Review: Carrie

Chloë Grace Moretz and Julianne Moore star in a film written by Roberto Aguirre-Sacasa and Lawrence D. Cohen, based on the novel by Stephen King, and directed by Kimberly Peirce.

Chloë Grace Moretz turns in great performances in this bloody rehashing of the 1976 horror classic.

In any even semi-faithful remake of the revenge-of-the-bullied horror classic Carrie, barring some perversely sanitized model, there will be blood. And director Kimberly (Boys Don’t Cry) Peirce gives us plenty of the stuff — of the human, pig, and biblical varieties — in her spooky-cool remake of director Brian De Palma’s 1976 cinematic vivification of the Stephen King novel. But wait, there’s more, including a cunning mix of fidelity to the King source and the De Palma film we know, love, and love to cringe at; artistic touches of this director’s own devising; and some sobering contemporary-life connections involving bullying in the social-media and post-Columbine age.

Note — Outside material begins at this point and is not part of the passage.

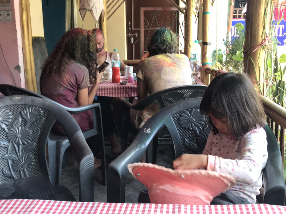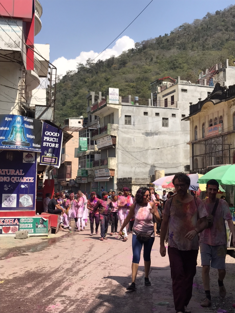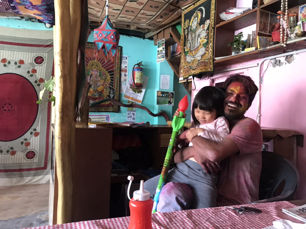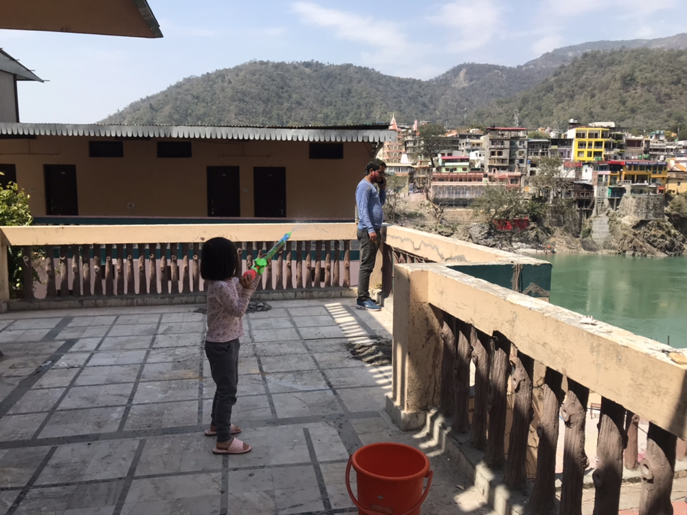그렇게 장난꾸러기 어른들의 배려 속에서 사랑받으며? 안전하게 해리 카페에 도착했다. 카페 앞 강가에는 물로 색가루를 씻어내는 사람들이 있었다. 진정한 홀리 샤워였다.

Did we mention Julianne Moore? Moore, no stranger to the bloody, half-pulpy turf of arty horror flicks (who can forget her brainy dinner scene in Hannibal?), gives us a scarily fine and troubled performance, playing a disturbed, man-hating über-fundamentalist Christian giving birth to Carrie in an archetypal haunted house. Fast forward to the soul-testing purgatory of high school, and the stage is set for some righteous vengeance and supernatural powers, especially come prom time.

Carrie’s Carrie, star-material teen Chloë Grace Moretz, is something extra special to behold, particularly considering the high-caliber precedent laid down by the awesome Sissy Spacek in the original. Moretz summons up a wicked cool and necessary blend of adolescent vulnerability, self-discovery, and reckoning power. You gotta love her, even during — or especially during — her orgiastic prom revenge. A lesson learned: Be careful who you bully, kids.

There are chilling moments of the more real-worldly kind attached, by historical association, with the 2013 version and not the 1976 model, such as the pernicious power of smart-phone sadism as a tool of bullying and the tragic list of school shootings in the past several years. In the wake of such data, we can take comfort in the supernatural hyperbole and the darkly funny winks of horror-film kitsch in-jokes, reminding us that the new Carrie is, after all, just a movie — with fake blood to spare.